**Provided entries:**
----------

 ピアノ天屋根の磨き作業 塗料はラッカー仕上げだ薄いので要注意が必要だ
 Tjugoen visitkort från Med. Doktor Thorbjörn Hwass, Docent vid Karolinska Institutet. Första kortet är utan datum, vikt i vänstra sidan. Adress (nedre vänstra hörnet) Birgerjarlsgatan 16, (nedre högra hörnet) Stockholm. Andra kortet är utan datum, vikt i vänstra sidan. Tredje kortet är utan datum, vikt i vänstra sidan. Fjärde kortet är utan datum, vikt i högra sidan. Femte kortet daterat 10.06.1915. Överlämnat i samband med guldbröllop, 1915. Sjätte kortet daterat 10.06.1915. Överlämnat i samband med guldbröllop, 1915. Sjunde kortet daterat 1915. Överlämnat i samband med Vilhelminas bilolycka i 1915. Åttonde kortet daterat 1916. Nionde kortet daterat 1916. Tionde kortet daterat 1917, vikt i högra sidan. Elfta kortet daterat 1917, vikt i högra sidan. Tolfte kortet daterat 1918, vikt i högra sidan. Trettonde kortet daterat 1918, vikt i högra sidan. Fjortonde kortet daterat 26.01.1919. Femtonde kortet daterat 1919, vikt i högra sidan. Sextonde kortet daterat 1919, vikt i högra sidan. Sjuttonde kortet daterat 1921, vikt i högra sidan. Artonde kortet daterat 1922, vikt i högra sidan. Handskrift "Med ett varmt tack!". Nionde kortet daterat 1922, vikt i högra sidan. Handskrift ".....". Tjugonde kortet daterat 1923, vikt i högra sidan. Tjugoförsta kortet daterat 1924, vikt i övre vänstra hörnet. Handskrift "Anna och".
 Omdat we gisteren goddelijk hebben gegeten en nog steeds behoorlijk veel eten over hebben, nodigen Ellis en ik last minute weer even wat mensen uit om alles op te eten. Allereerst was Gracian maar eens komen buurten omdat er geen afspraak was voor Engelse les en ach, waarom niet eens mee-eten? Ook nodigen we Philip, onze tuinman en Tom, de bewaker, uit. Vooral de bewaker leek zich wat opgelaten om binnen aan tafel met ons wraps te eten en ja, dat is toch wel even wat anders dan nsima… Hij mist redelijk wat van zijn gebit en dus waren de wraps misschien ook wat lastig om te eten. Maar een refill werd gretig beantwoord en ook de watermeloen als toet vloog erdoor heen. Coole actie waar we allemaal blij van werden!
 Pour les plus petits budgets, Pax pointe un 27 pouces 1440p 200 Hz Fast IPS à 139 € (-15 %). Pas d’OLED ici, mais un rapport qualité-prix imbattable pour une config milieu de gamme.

----------

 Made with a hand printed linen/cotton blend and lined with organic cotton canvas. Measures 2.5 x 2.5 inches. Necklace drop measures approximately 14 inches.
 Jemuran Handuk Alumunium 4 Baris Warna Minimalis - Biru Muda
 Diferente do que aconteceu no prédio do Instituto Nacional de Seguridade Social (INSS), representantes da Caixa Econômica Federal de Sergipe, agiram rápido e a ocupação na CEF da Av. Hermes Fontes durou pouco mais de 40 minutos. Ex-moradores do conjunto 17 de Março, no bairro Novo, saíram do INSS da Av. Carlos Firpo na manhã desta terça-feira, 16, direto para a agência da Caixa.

----------

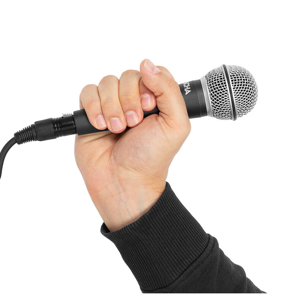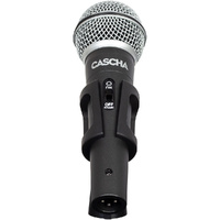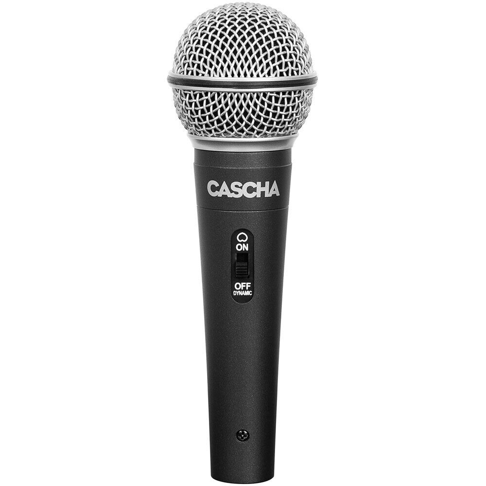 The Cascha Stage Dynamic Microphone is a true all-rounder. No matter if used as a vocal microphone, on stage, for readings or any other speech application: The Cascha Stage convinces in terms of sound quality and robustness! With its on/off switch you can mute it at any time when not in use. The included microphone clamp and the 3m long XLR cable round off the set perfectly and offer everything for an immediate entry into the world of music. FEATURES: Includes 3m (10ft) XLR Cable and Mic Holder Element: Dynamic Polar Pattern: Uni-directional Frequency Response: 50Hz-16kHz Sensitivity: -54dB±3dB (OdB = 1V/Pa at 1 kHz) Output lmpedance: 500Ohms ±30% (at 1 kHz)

----------

**What the task requires:** Among the entries above, the line containing "Jemuran Handuk Alumunium", the line containing "Diferente do que", and all lines between them are to be restated word for word; nothing else belongs in the reply.

**Result of the task:**
 Jemuran Handuk Alumunium 4 Baris Warna Minimalis - Biru Muda
 Diferente do que aconteceu no prédio do Instituto Nacional de Seguridade Social (INSS), representantes da Caixa Econômica Federal de Sergipe, agiram rápido e a ocupação na CEF da Av. Hermes Fontes durou pouco mais de 40 minutos. Ex-moradores do conjunto 17 de Março, no bairro Novo, saíram do INSS da Av. Carlos Firpo na manhã desta terça-feira, 16, direto para a agência da Caixa.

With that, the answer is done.